P3.2 The probability of the face-touching frequency times per hour for the males is associated with the likelihood of COVID-19 transmission through hand contact with their faces:

This specific variable is the frequency of hand contact with the facial mucous membrane (T-zone) times per hour for the males. The variable input values for this parameter P3.2 are calculated using the same mathematical formulas (3) and (4) in parameter P1. The inputs are (min = minimum (0.00780) and max = maximum (0.0593), the probability distribution is = 0.0384 (See Table 1) (Morita et al., 2019). The probability distribution values for this variable were determined by @RiskUniform as described previously in parameter N.

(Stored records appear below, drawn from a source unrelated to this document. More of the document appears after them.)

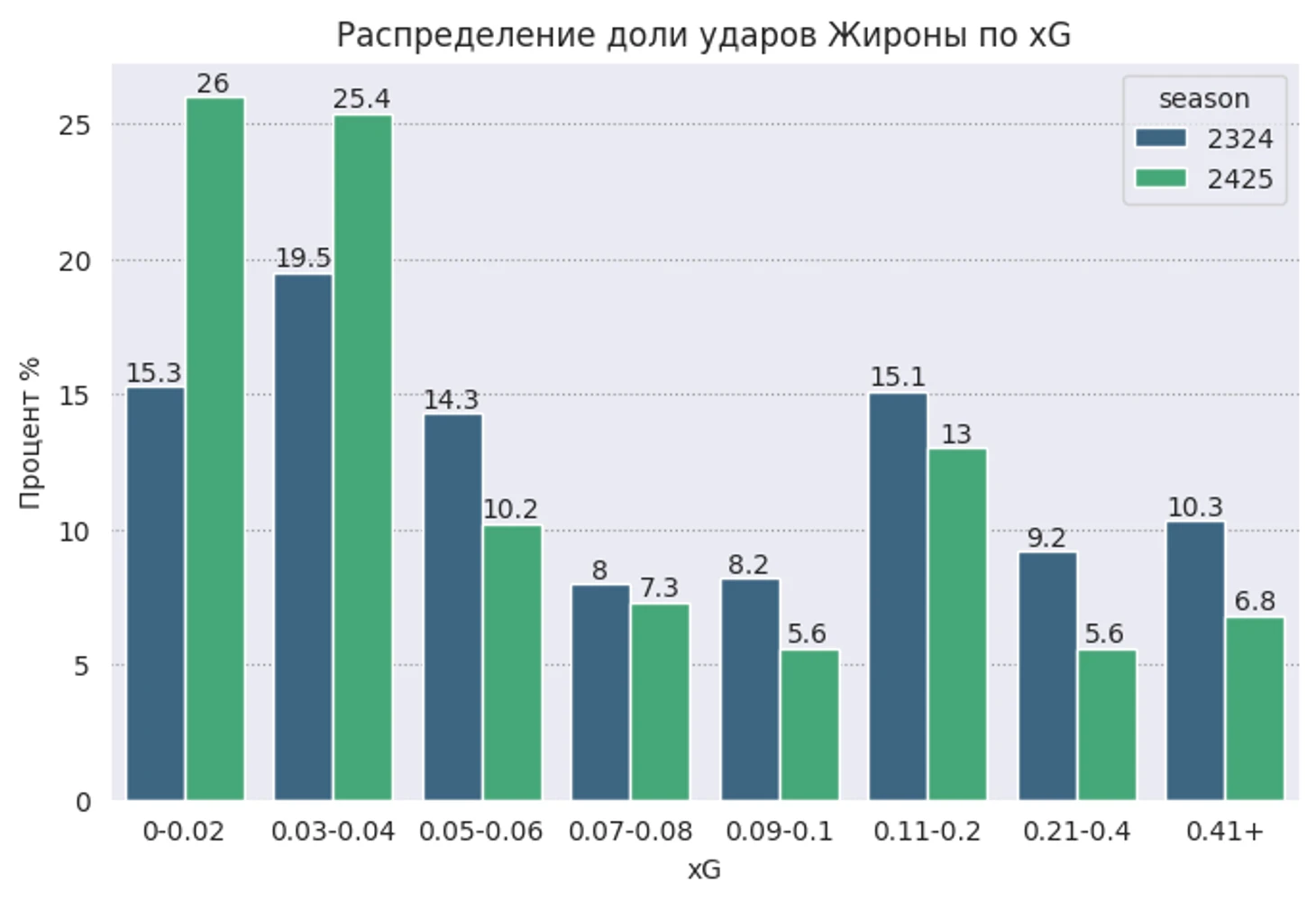 Летом Жирона потеряла несколько ключевых игроков. Четверка ушедших игроков (Довбик, Алеиш Гарсия, Коуто, Савиньо) участвовала (удары или предударное действие) в 75% ударов Жироны в прошлом сезоне. Такое влияние сложно заменить, тем более когда ты не обладаешь большими трасферными возможностями. Отдельно стоит сказать про Довбика. Его средний xG ударов в прошлом году 0.23. Это много. Понятно, что в этом заслуга не только Артема, но умение оказаться/открыться в нужное время в нужном месте нападающего важный фактор в таких цифрах.
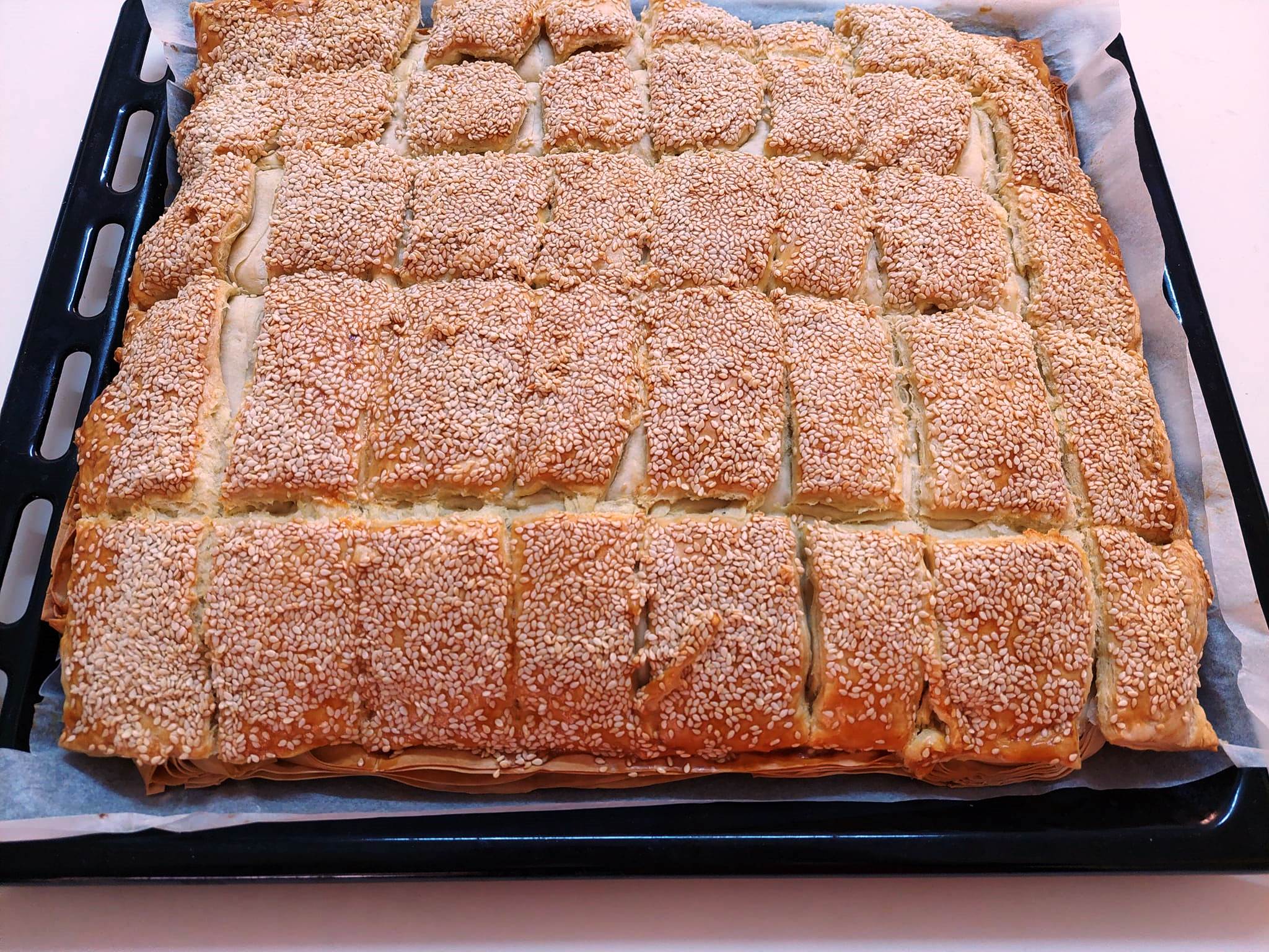 Εγώ πάνω τα τυριά έκανα λίγη μπεσαμέλ την έριξα πάνω στα τυριά με προσοχή έβαλα από πάνω το δεύτερο φύλλο το άλειψα με αυγό πασπαλισα σουσάμι το χάραξα και το έψησε την πίτα στους 160 βαθμούς για 30 με 40 λεπτά
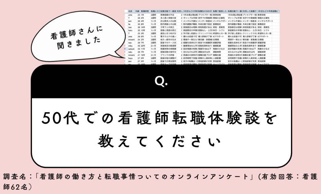 今の職場は50代向け看護師転職サイトに登録して見つけました。サイトによっては50代歓迎求人やパート求人をほとんど扱ってないところもあったので、どこで探すかは重要だと思います。
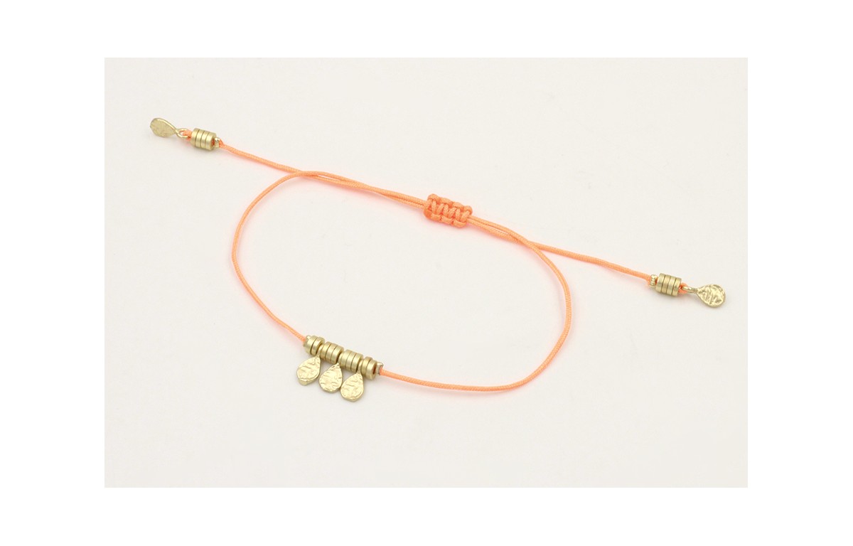 Pulsera hilo naranja fluor con colgantes laminas labradas y ruedas doradas mate. Es regulable
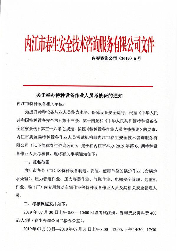 2019年第六期特種設(shè)備作業(yè)人員考核培訓(xùn)班的通知
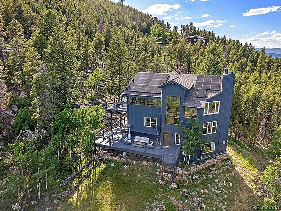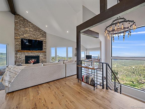 Welcome to an extraordinary property that combines breathtaking panoramic views with a mountain modern architecture. Situated on a  3-acre lot, this 4-bedroom, 3 ½-bathroom home offers some of the most stunning vistas in Evergreen. As you enter the residence, you'll be captivated by the snow-capped peaks and awe-inspiring front-range views that greet you. Step inside the great room, where beautiful hardwood floors, vaulted ceilings, and designer lighting create an ambiance of elegance. The floor-to-ceiling stone fireplace serves as a striking centerpiece, while the stunning kitchen, complete with a marble waterfall island, is a chef's delight. Expansive windows and glass doors seamlessly merge the indoor and outdoor spaces, allowing for a constant connection to the natural surroundings.  Over 1400 square feet of decks, providing ample space for outdoor entertaining and relaxation. The spacious primary suite is a private retreat, offering a sanctuary of comfort and tranquility. Pamper yourself in the spa-like adjoining bathroom, featuring a soaking tub and walk-in shower. The spacious walk-in closet provides ample storage for your wardrobe. The primary suite also conveniently adjoins another bedroom, which can be utilized as a private office or additional living space.  The lower level of the home offers two more well-appointed bedrooms and two full bathrooms, providing ample space for family and guests. The versatility of this floorplan allows for comfortable living and privacy for everyone.  Situated just minutes from I-70, commuting to Denver or the mountains is a breeze. Evergreen, with its amenities and conveniences, is only a short 10-minute drive away. Outdoor enthusiasts will delight in being walking distance to Clear Creek Open Space trail access and a quick drive to Floyd Hill biking trail. Come experience the blend of natural beauty, modern luxury, and unparalleled views. Your mountain retreat awaits!
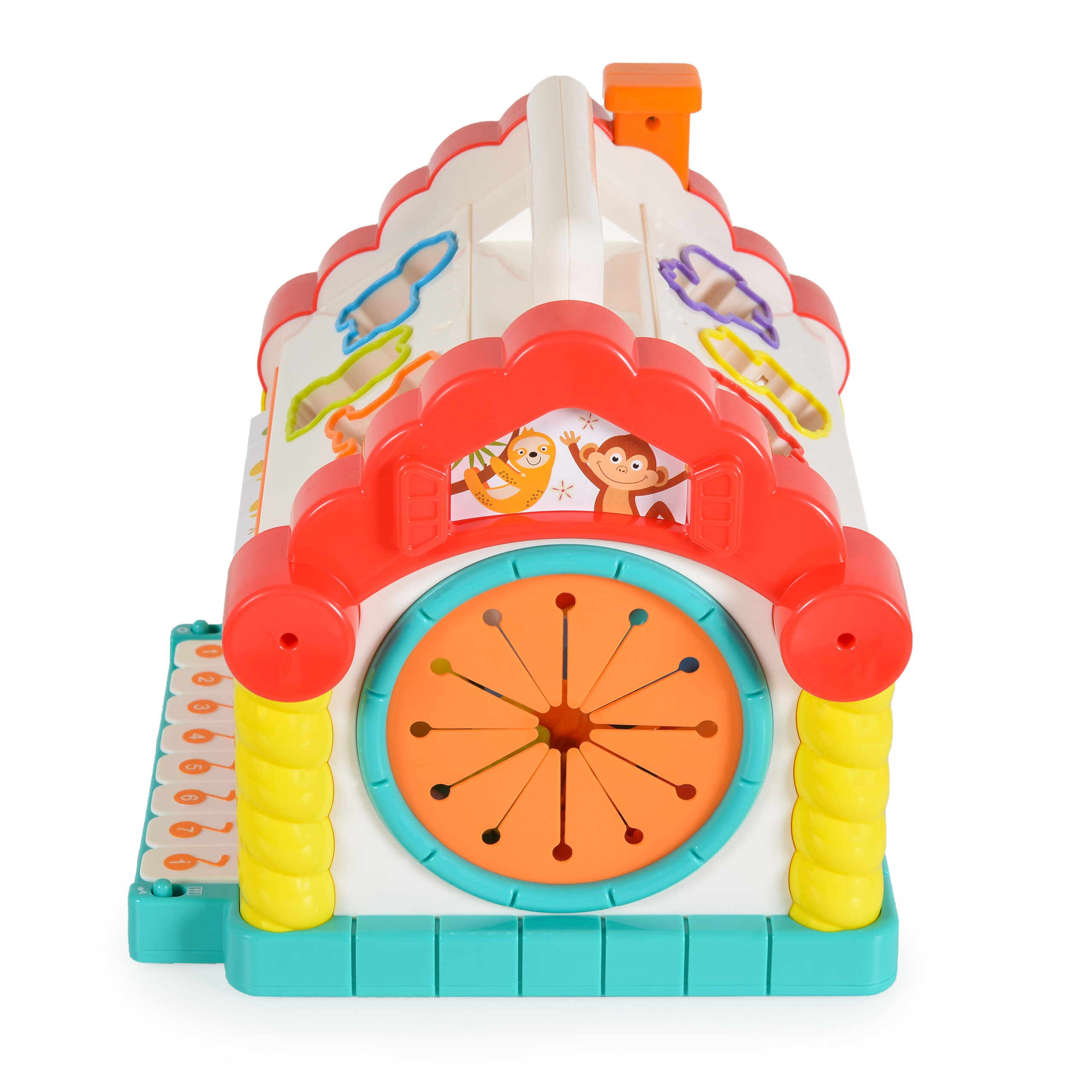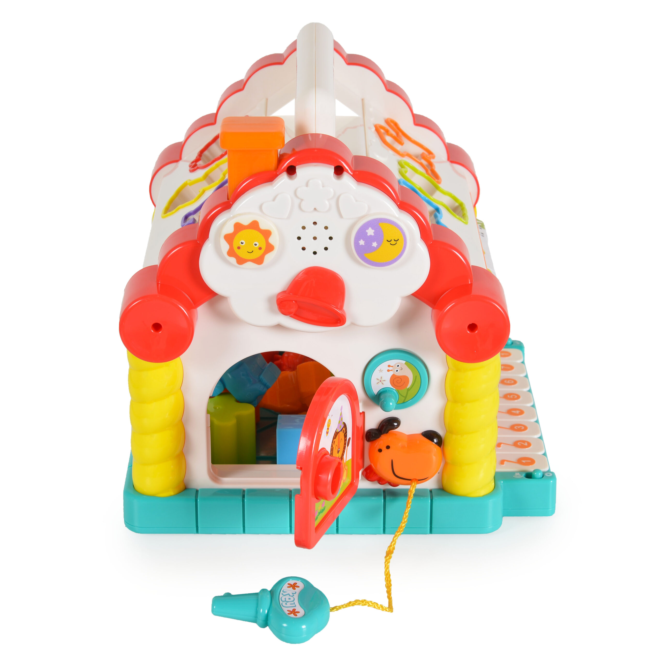 Този сортер къща стимулира въображението, координацията и сетивното възприятие на детето, превръщайки всяка игра в интересно приключение.

P4.1- The probability of the facial mucous membrane touching (T-zone) frequency times per hour for both the males and few females who do not wear makeup is associated with the likelihood of COVID-19 transmission of through hand contact with their T-zones:

This specific variable is the frequency of hand contact with the T-zone times per hour for both the males and few females who do not wear makeup. The variable input values for this parameter P4.1 are calculated using the same mathematical formulas (3) and (4) in parameter P1. The inputs are (min = minimum (0.00134) and max = maximum (0.0094), the probability distribution is = 0.0049 (See Table 1) (Morita et al., 2019). The probability distribution values for this variable were determined by @RiskUniform as described previously in parameter N.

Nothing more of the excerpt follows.